Utility seeks bigger charge
On Friday, less than a month after AmerenCILCO said electricity bills would drop starting this month, company officials said they will seek a $226 million delivery-rate hike for all Ameren Illinois utilities.
For an AmerenCILCO residential customer using 10,000 kilowatt-hours of electricity annually, the rate hike would amount to a $64.31 annual increase. The expected annual increase in natural gas costs would be $37.84.
On Monday, while meeting with members of the Peoria Times-Observer editorial board, Ameren Illinois president and chief executive officer Scott Cisel said the rate increase is needed to ensure the utility has the necessary resources to provide reliable and safe delivery of electricity and natural gas.
The request will go before the Illinois Commerce Commission. The utility is asking the ICC to approve the rate increase effective May, 2010.
Cisel said maintaining the 46,000-mile electric distribution system and 18,000-mile natural gas distribution system for Ameren’s Illinois utility companies is an expensive proposition.

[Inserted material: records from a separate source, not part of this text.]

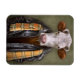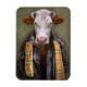 Esta design apresenta um retrato de uma vaca em uma jaqueta de couro e um cachecol.
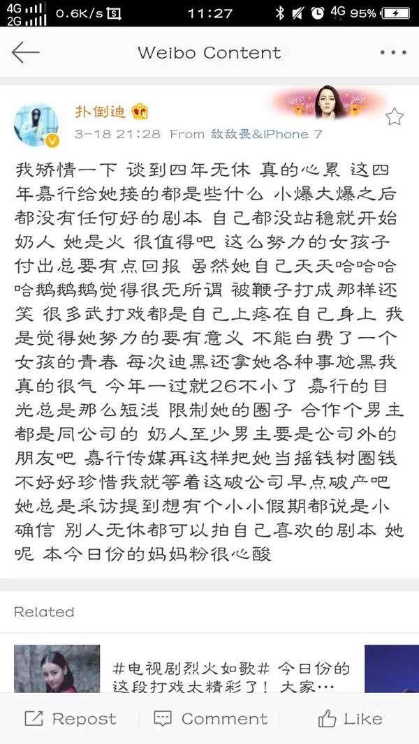 但是熱巴就做不到這一點,迪麗熱巴賺不賺錢,拍不拍戲,接什麼戲,都牽扯到老闆和公司的利益。
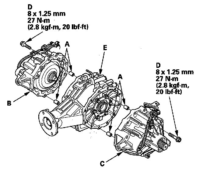 20. Install the 8 x 12 mm dowel pins (A) the rear differential right side case (B) or the rear differential left side case (C) and the mounting bolts (D) onto the rear differential center case (E).
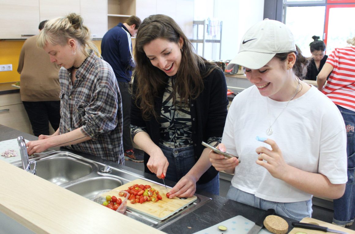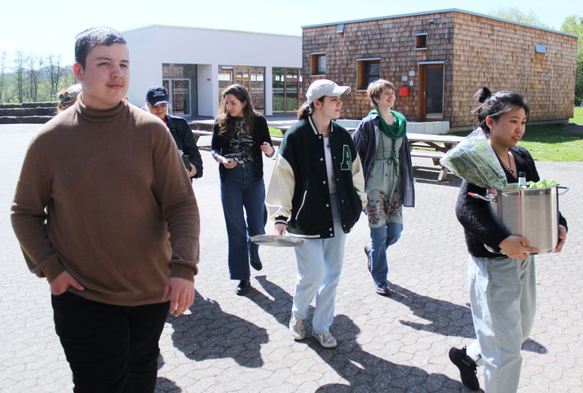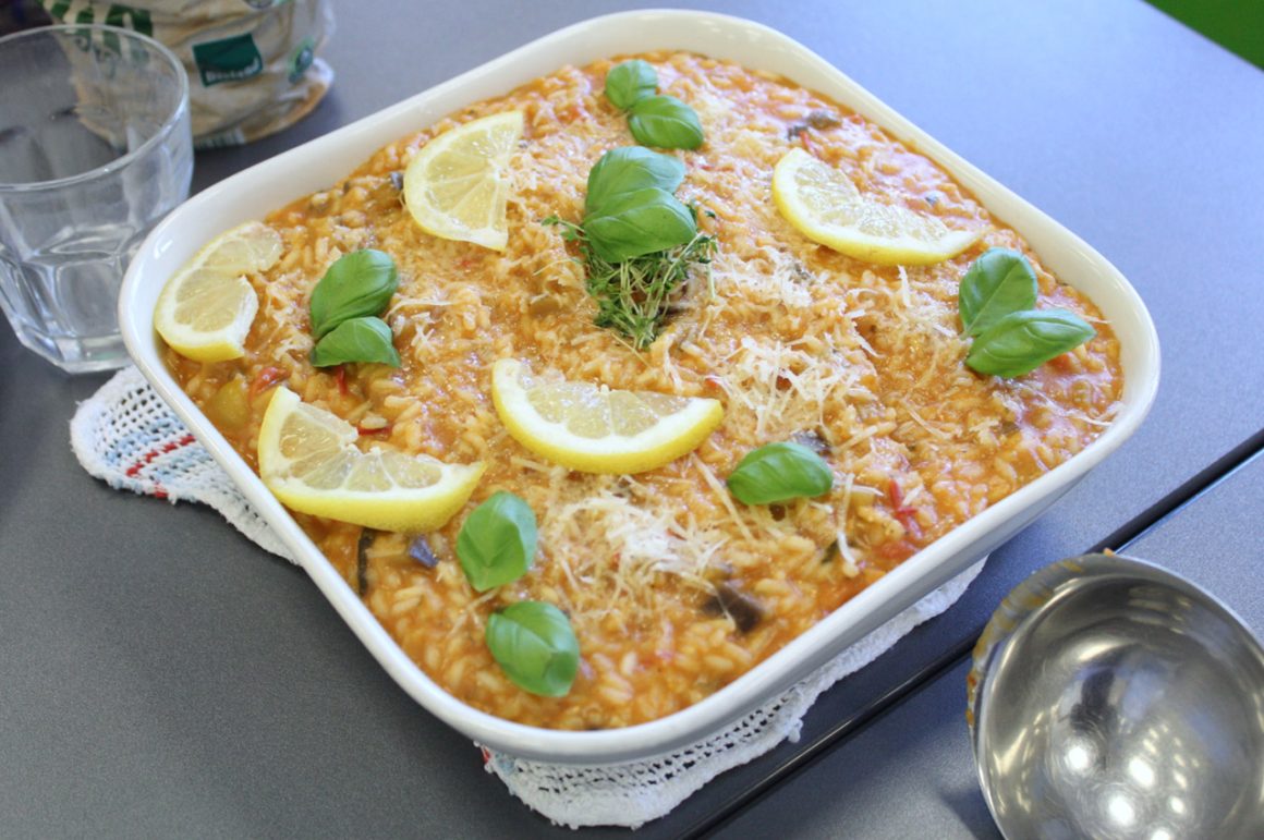 Diesen Genuss haben wir dann in die große Küche verlegt, wo wir ein Risottogericht mit drei zufälligen Zutaten kochten. Der Buchstabe L prägte heute die Exkursion: Leckeres Risotto, Löffel bauen, (Luke, der Schulhund, den wir aber zu unserer Enttäuschung nicht trafen) und das, wovon alle Schüler*innen mal träumten: ein legaler Besuch im Lehrerzimmer.
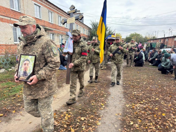 Мужнього оборонця України Сергія Банькодуда провели в останню путь з усіма військовими почестями, спочиватиме він на кладовищі села Косівщина.
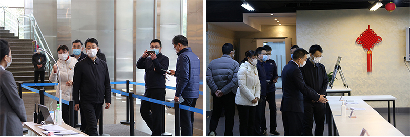 于部长首先来到大堂接受测温,并检查疫情防控措施的落实情况。他十分关心企业复工情况,详细了解了复工企业所属行业、复工人数以及错时错峰的具体安排。之后于部长来到位于大楼36层的新湖期货公司检查和指导疫情防控工作。最后,于部长一行来到五楼员工食堂。当他听了在疫情期间,宝矿公司内部员工食堂为更好服务于楼宇客户,主动开放,采用预约、盒饭方式,减少聚集用餐的做法表示充分肯定。
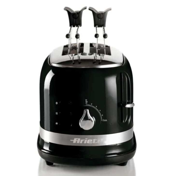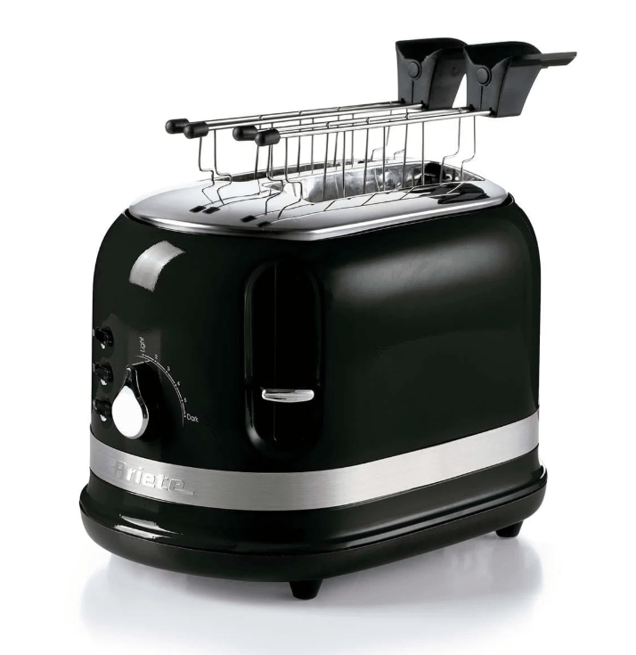 Torradeira de 2 fatias com pinça – Com a torradeira Moderna você pode torrar até 2 fatias de pão ou sanduíches ao mesmo tempo usando as pinças práticas fornecidas e sempre obtendo um resultado crocante e perfumado graças aos 6 níveis de tostagem.
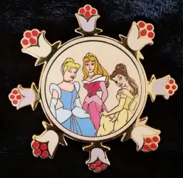 Belle, Aurora, and Cinderella Flower Circle is a Limited Edition (LE) 1000 pin. It was originally released on , 2004 and was available from Disney Auctions .
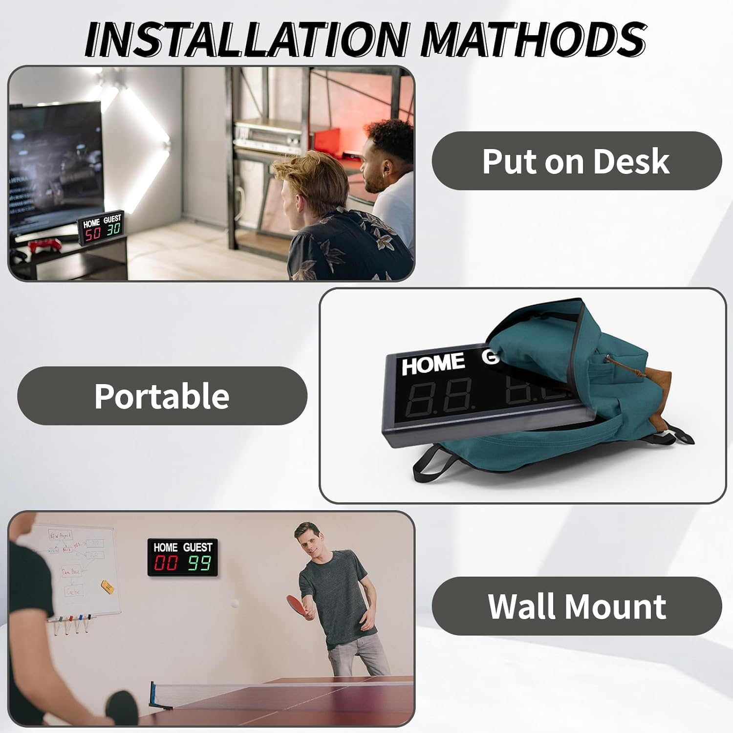 Easy to Install:Included a set of wall mount scrws. You can hang the electric scoreboard on the wall or just put it on table. Besides plugged in the outlet, you can also use the power bank to supply the digital scoreboard.

Seventy-seven percent — more than $173 million — of the $226 million rate increase request, Cisel said, would be spent on construction, operation and maintenance of the energy distribution system.
Customers, Cisel said, rely on the utility to provide efficient and reliable energy delivery service, as to respond quickly and to outages caused by storms and to repair damage.
Cisel said company officials understand the economic challenges their customers are facing. Cisel said he “agonized” over the rate hike request.
But, he added, Ameren Illinois utilities have some economic challenges as well. Those challenges he said have kept him “up nights.”
Cisel said the company implemented cuts of $28 million before seeking this rate hike.
He said the large hurdle the company has not been able to overcome is its bond rating. He said Fitch and Standard & Poor’s rate the company at their lowest rating. He said Moody’s puts their stock at junk bond status. That, Cisel said, means the company has to spend a lot more on interest to borrow money.
“As a utility we are constantly using lines of credit to pay our obligations,” Cisel said.
The company has a $1 billion line of credit spread out over 18 financial institutions.
Cisel said that line of credit is up for renegotiation in January.
Cisel said the company has to have access to so much money because customers pay for the utilities after already using them. He said the company “carries” millions of dollars each month in charges not paid for by customers.
In addition, he said, storm-related costs have played havoc with the bottom line. In ‘08, Cisel said, the company collected $9 million from customers to be used on storm-related costs. The expenditures approached $40 million.
In’09, he said, the company has already paid out $30 million.
Citizens Utility Board executive director David Kolata said Friday he is not pleased with Ameren’s rate increase proposal.
“Ameren’s $226 million rate-hike proposal is a slap in the face to consumers who already are struggling to pay monthly bills during the economic downturn. The ink is barely dry on Ameren’s $160 million rate hike, approved just last year, and the company is back at the table, asking state regulators for a new $226 million increase,” Kolata said.
“The timing couldn’t have been worse. Just this past Monday, Ameren customers got the good news that the rates they pay for the actual electricity they use went down. Now, they hear that Ameren has proposed a $226 million ‘delivery’ rate hike that threatens those gains ... Our legal and policy teams will study every number of Ameren’s proposal and fight every penny that isn’t justified.”